• **Required work**
Reproduce the data that follows character for character, but omit its pictures.
Segment Start: Records for this exercise
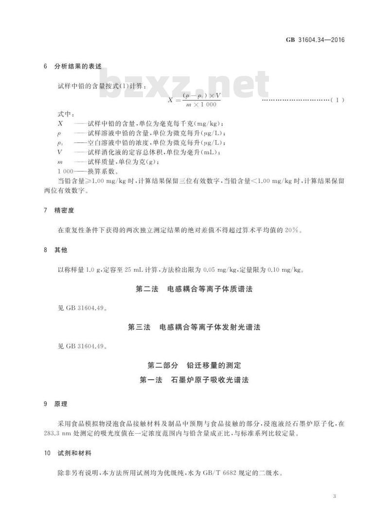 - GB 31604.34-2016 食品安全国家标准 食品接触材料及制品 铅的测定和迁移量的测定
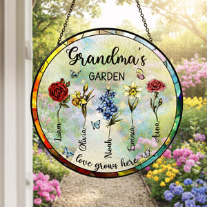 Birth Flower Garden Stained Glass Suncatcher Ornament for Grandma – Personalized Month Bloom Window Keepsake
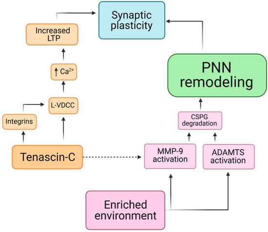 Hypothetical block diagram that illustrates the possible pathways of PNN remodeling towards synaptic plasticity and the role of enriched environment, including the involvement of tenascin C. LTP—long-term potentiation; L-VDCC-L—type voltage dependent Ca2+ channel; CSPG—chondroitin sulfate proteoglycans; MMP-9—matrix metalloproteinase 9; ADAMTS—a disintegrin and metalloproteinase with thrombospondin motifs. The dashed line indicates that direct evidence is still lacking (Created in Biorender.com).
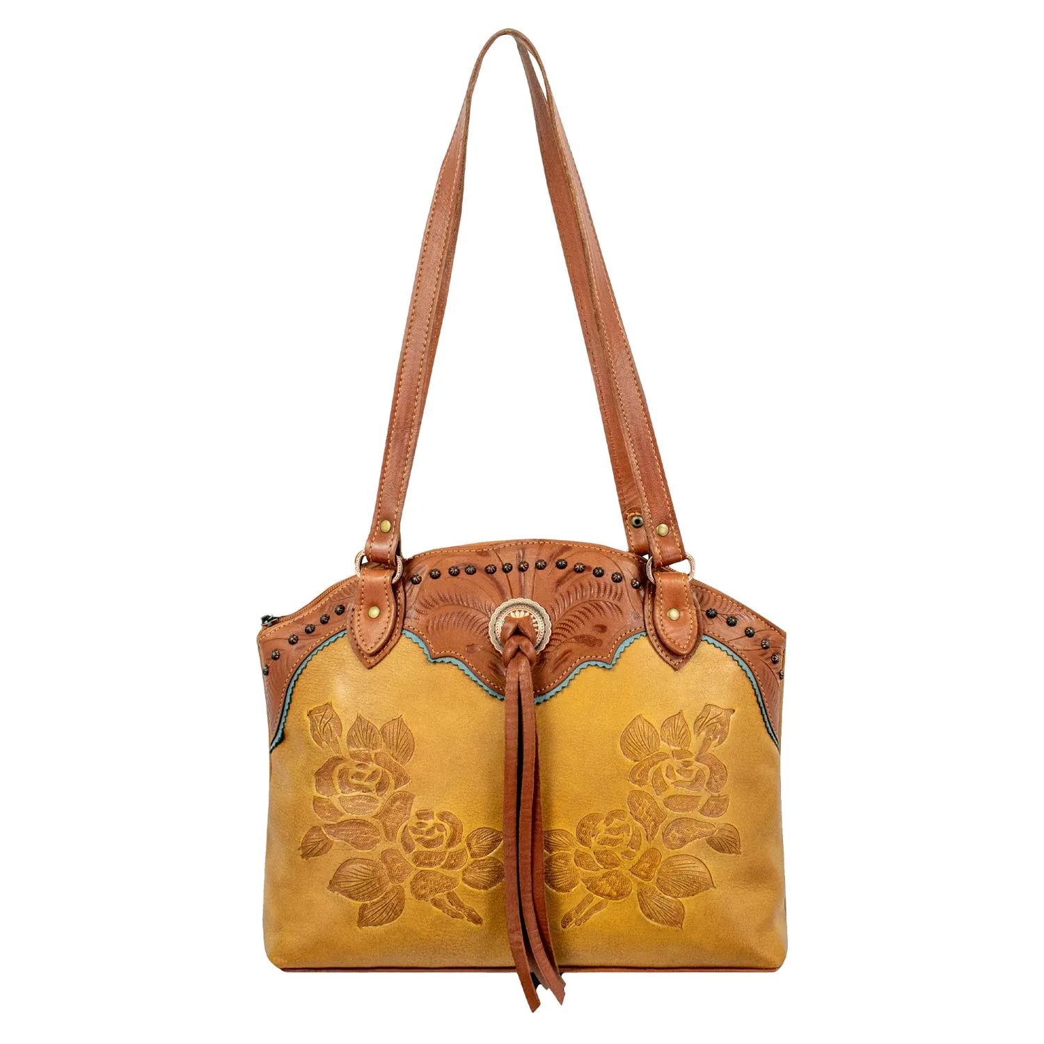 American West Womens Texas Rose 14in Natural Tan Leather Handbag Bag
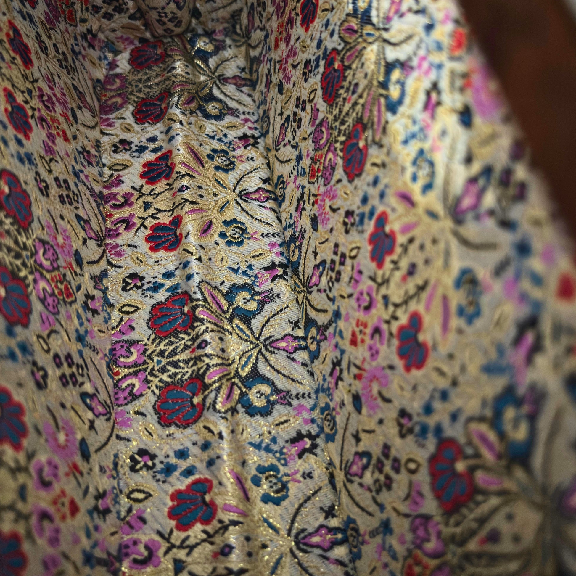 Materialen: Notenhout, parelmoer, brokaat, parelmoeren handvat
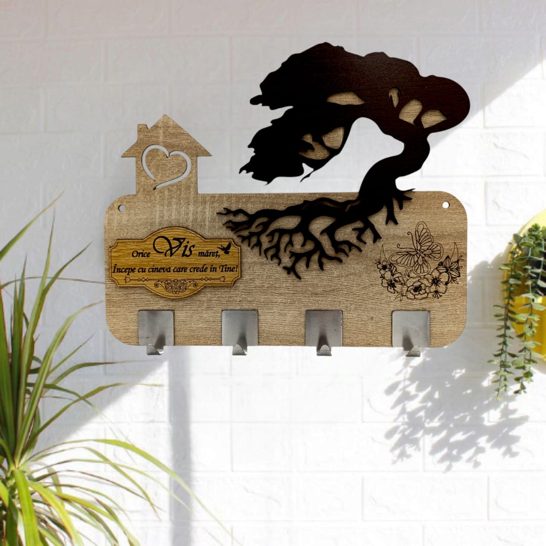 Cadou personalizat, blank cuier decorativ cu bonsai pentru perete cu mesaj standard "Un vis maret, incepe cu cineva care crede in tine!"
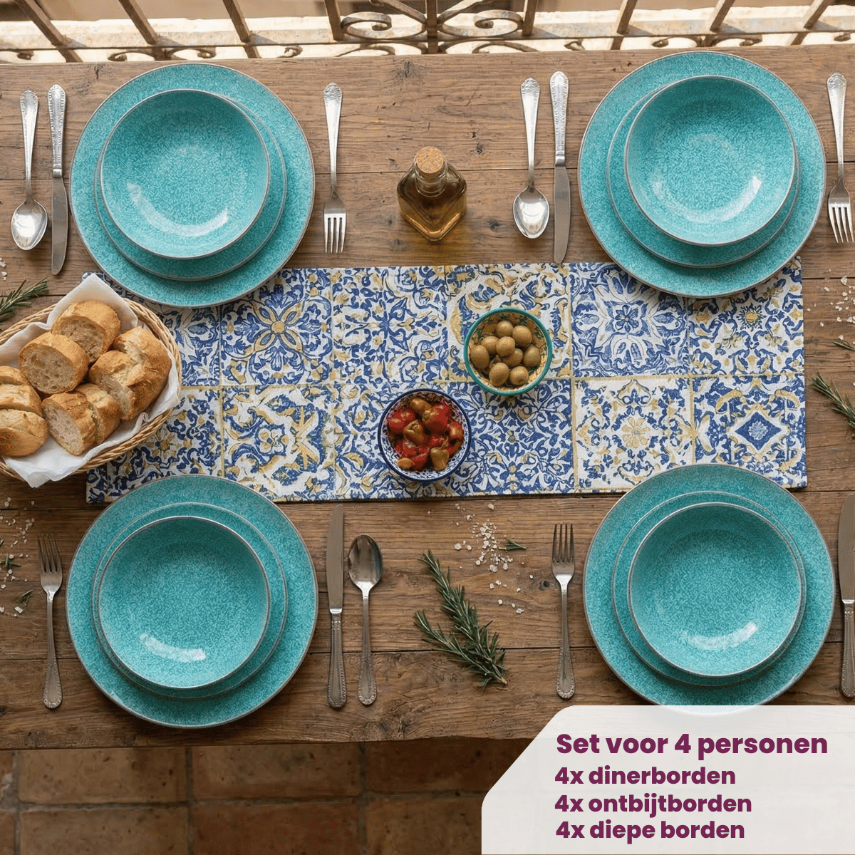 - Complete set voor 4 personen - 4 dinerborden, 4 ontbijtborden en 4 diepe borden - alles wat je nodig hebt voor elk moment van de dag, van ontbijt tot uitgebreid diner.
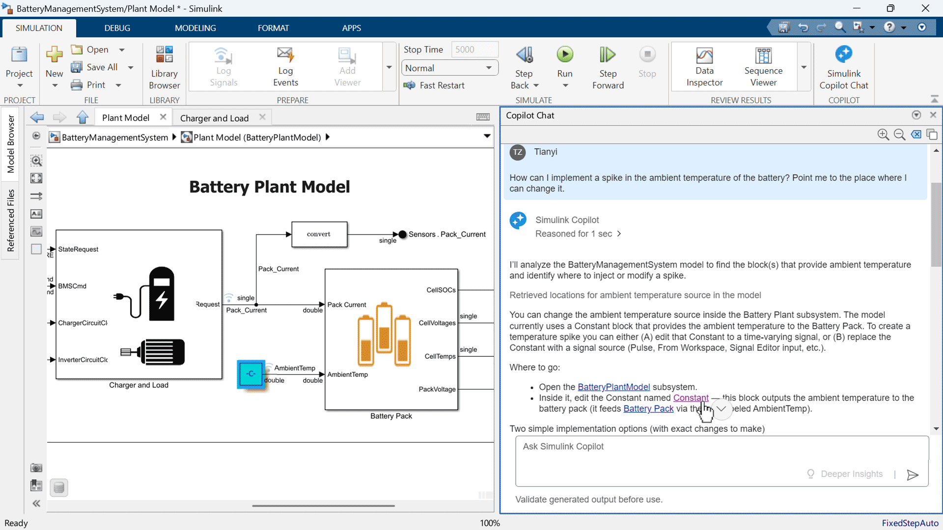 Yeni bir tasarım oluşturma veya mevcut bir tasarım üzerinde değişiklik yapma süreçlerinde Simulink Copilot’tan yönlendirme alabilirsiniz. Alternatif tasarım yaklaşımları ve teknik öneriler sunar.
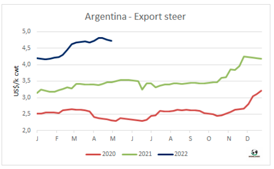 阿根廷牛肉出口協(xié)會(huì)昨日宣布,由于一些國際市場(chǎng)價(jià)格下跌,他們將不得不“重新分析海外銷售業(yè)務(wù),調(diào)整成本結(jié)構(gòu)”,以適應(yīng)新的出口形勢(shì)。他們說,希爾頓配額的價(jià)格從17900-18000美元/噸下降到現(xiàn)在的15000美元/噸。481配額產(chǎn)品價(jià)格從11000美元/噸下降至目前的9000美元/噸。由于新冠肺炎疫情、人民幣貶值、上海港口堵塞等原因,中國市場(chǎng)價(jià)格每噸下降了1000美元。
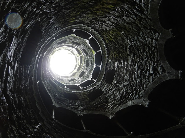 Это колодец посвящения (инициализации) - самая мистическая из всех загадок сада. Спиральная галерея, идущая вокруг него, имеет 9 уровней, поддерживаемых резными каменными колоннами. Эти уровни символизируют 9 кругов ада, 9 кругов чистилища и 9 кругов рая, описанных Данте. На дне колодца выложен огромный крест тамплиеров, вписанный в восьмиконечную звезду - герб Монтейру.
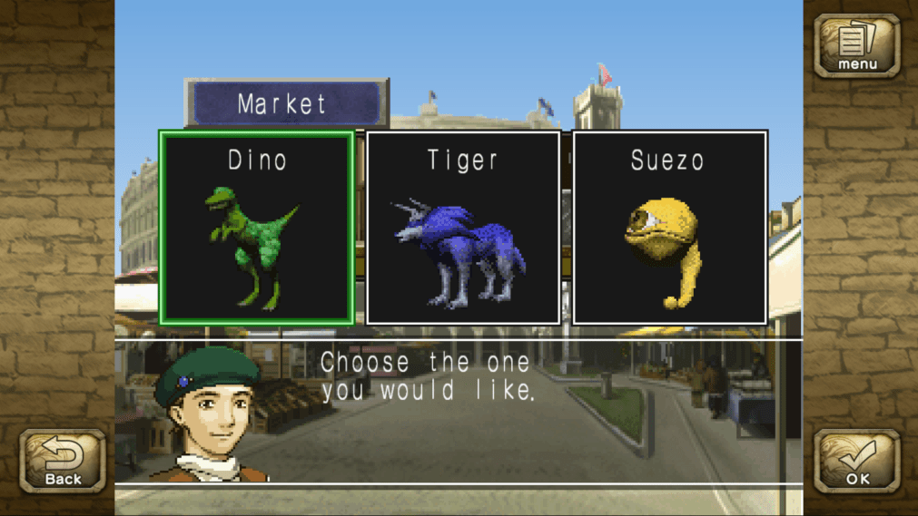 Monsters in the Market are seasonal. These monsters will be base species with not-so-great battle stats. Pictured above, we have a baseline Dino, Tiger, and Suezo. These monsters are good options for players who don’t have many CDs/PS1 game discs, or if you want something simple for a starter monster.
Segment End: Records for this exercise
• **Result**
 - GB 31604.34-2016 食品安全国家标准 食品接触材料及制品 铅的测定和迁移量的测定
 Birth Flower Garden Stained Glass Suncatcher Ornament for Grandma – Personalized Month Bloom Window Keepsake
 Hypothetical block diagram that illustrates the possible pathways of PNN remodeling towards synaptic plasticity and the role of enriched environment, including the involvement of tenascin C. LTP—long-term potentiation; L-VDCC-L—type voltage dependent Ca2+ channel; CSPG—chondroitin sulfate proteoglycans; MMP-9—matrix metalloproteinase 9; ADAMTS—a disintegrin and metalloproteinase with thrombospondin motifs. The dashed line indicates that direct evidence is still lacking (Created in Biorender.com).
 American West Womens Texas Rose 14in Natural Tan Leather Handbag Bag
 Materialen: Notenhout, parelmoer, brokaat, parelmoeren handvat
 Cadou personalizat, blank cuier decorativ cu bonsai pentru perete cu mesaj standard "Un vis maret, incepe cu cineva care crede in tine!"
 - Complete set voor 4 personen - 4 dinerborden, 4 ontbijtborden en 4 diepe borden - alles wat je nodig hebt voor elk moment van de dag, van ontbijt tot uitgebreid diner.
 Yeni bir tasarım oluşturma veya mevcut bir tasarım üzerinde değişiklik yapma süreçlerinde Simulink Copilot’tan yönlendirme alabilirsiniz. Alternatif tasarım yaklaşımları ve teknik öneriler sunar.
 阿根廷牛肉出口協(xié)會(huì)昨日宣布,由于一些國際市場(chǎng)價(jià)格下跌,他們將不得不“重新分析海外銷售業(yè)務(wù),調(diào)整成本結(jié)構(gòu)”,以適應(yīng)新的出口形勢(shì)。他們說,希爾頓配額的價(jià)格從17900-18000美元/噸下降到現(xiàn)在的15000美元/噸。481配額產(chǎn)品價(jià)格從11000美元/噸下降至目前的9000美元/噸。由于新冠肺炎疫情、人民幣貶值、上海港口堵塞等原因,中國市場(chǎng)價(jià)格每噸下降了1000美元。
 Это колодец посвящения (инициализации) - самая мистическая из всех загадок сада. Спиральная галерея, идущая вокруг него, имеет 9 уровней, поддерживаемых резными каменными колоннами. Эти уровни символизируют 9 кругов ада, 9 кругов чистилища и 9 кругов рая, описанных Данте. На дне колодца выложен огромный крест тамплиеров, вписанный в восьмиконечную звезду - герб Монтейру.
 Monsters in the Market are seasonal. These monsters will be base species with not-so-great battle stats. Pictured above, we have a baseline Dino, Tiger, and Suezo. These monsters are good options for players who don’t have many CDs/PS1 game discs, or if you want something simple for a starter monster.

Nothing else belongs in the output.